In Indien ist ein gigantisches Bewässerungsprojekt
geplant – Österreichische Firmen stehen schon in den Startlöchern,
Finanzierung aus Österreich ist im Gespräch. NGOs fordern jedoch
zuvor die Klärung wesentlicher Fragen nach Nutzen, Umsetzungsmodalitäten
und Nachhaltigkeit des Projektes.
Wien, 05.03.2004. Die Regierung des indischen Bundesstaates Andhra Pradesh
plant, am Fluss Godavari ein großes Bewässerungssystem zu errichten.
Das Projekt soll mit Hilfe österreichischer Firmen errichtet werden,
die österreichische Regierung würde die Finanzierung sichern.
Schon mehrmals besuchten österreichische Delegationen das Gebiet,
um das Projekt zu besprechen.
Auf Basis der wenigen öffentlich zugänglichen Informationen
sollen 1,4 Mrd. Liter Wasser aus dem Godavari-Fluss abgepumpt werden,
um eine Fläche von ca. 140.000 Hektar zu bewässern. Das Wasser
soll über 11 Pumpstationen einen Höhenunterschied von 440 Metern
überwinden und mehr als 200 km abgeleitet werden. Ein Vorhaben in
solchen Dimensionen wurde laut Godavari Vedika, einer Gruppierung von
NGOs, bisher in Indien nicht gebaut.
Godavari Vedika bezweifelt keinesfalls, dass die Menschen in der Region
Wasser benötigen. Allerdings stellt sich die Frage, ob das von der
Regionalregierung in Andhra Pradesh entwickelte Projekt wirklich eine
nachhaltige Lösung darstellt.
Daher stellt Godavari Vedika eine Reihe von Fragen:
Wie viel wird im Endeffekt das Wasser kosten und können die Bauern
diesen Preis bezahlen ? Was sind die Umweltauswirkungen des Projekts ?

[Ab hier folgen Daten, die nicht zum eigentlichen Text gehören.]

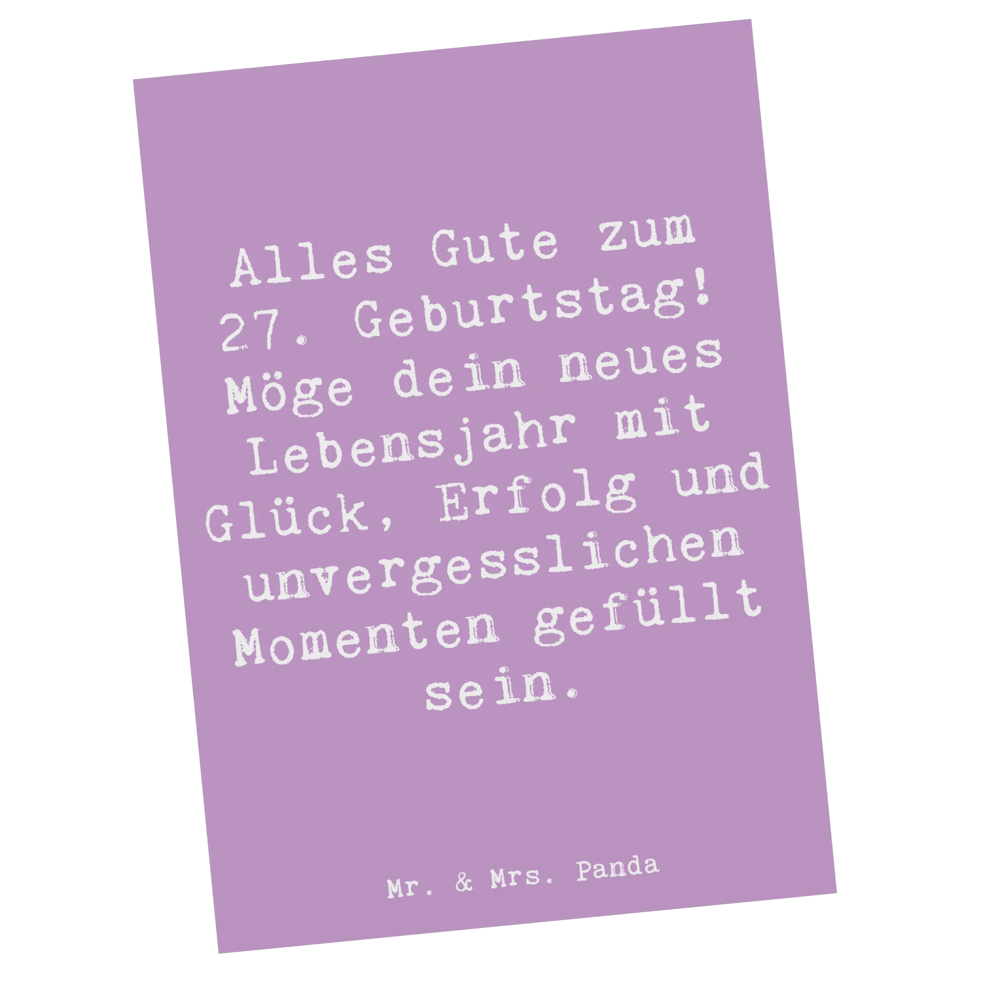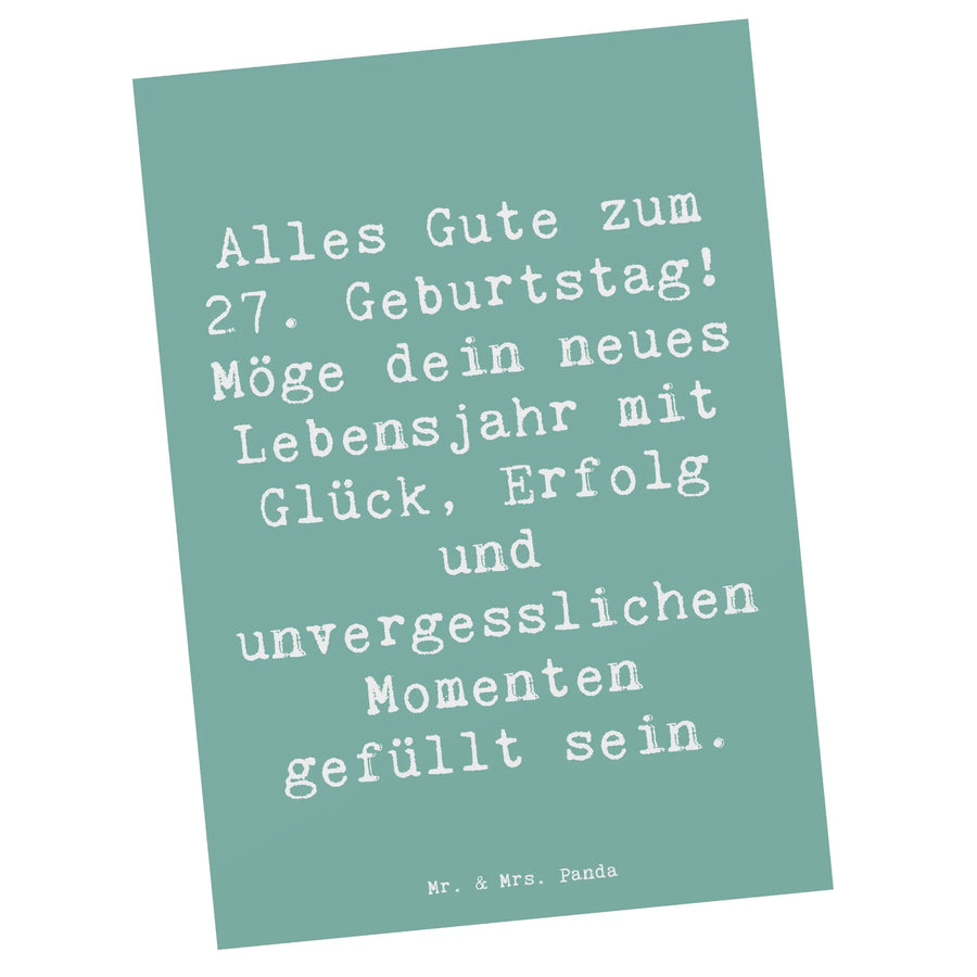 Die einzigartige Postkarte von Mr. & Mrs. Panda zum 27. Geburtstag ist das perfekte Geschenk für deine Lieben, wenn sie diesen besonderen Tag feiern. Egal, ob du für einen Freund, ein Familienmitglied oder einen Kollegen eine liebevolle Geste suchst, diese Karte wird garantiert ein Lächeln auf die Gesichter zaubern! Mit dem herzlichen Spruch "Alles Gute zum 27. Geburtstag! Möge dein neues Lebensjahr mit Glück, Erfolg und unvergesslichen Momenten gefüllt sein." vermittelt sie all die guten Wünsche, die du ausdrücken möchtest.

Ist dieses Projekt wirklich die beste Option ? Und werden die Erwartungen
derer, die schon so lange auf Wasser warten, auch erfüllt werden
?
Die Gruppierung hat Experten beauftragt, das Projekt zu untersuchen:
Erste Ergebnisse sehen folgende Probleme.
Elektrizität
Die Stromkosten erscheinen auf den ersten Blick viel zu hoch. Die Kosten
pro acre (ca. 4046 m2) werden von den Experten der Initiative mit 6864
Rupien berechnet, bei anderen Projekten in Indien belaufen sich die Kosten
auf 400 Rupien.
Einkommen
Es wird erwartet, dass die Bauern nach Fertigstellung des Bewässerungssystems
effizientere Bewässerungstechniken verwenden und ihre Ernte an Reis,
Zwiebel, Tomaten und andere Gemüse pro Flächeneinheit von 1
Tonne auf 2,5 Tonnen steigt.
Allerdings ist zu bedenken, dass diese Bauern oft weniger als 1 Hektar
besitzen. Ob sich die Bauern die moderneren Bewässerungstechniken
leisten können, ist fraglich.
Wasserspeicherung
Das Wasser soll zur Monsunzeit (Juli bis Oktober) gepumpt werden. Allerdings
wohin ? Wenn der Monsun ausreichend ist, sind die bestehenden Speicher
ohnehin gefüllt. Außerdem brauchen die Bauern das Wasser in
Jahren, wo der Monsun nicht ausreichend war, allerdings ist dann die Wasserführung
des Godavari möglicherweise zu gering.
Umweltfragen
Völlig unklar ist zur Zeit, wie und wo die Wasserleitungen verlegt
werden sollen. Wenn sie nicht durch Waldschutzgebiete gehen sollen, müssten
sie entlang des Flusses geführt werden. Dazu bedarf es einer genauen
Untersuchung, inwieweit diese Baumassnahmen die sensiblen Ufer-Ökosysteme
(zer-)stören.
Alternativen
Niemand bestreitet, dass die Bauern von Telangana Wasser brauchen. Ebenfalls
ist klar, dass der Godavari soviel Wasser führt, dass diese Nachfrage
befriedigt werden kann.
Die wesentliche Frage ist nur, zu welchem Preis. Experten meinen, dass
es günstigere Alternativen gibt als das von der Regierung verfolgte
Projekt.
„Diese Fragen müssen geklärt werden, bevor eine endgültige
Entscheidung über den Bau und die Finanzierung des Projekts erfolgen
kann. Es geht darum, eine wirklich nachhaltige Lösung zu finden“,
sagt Dr. Biksham Gujja vom WWF International.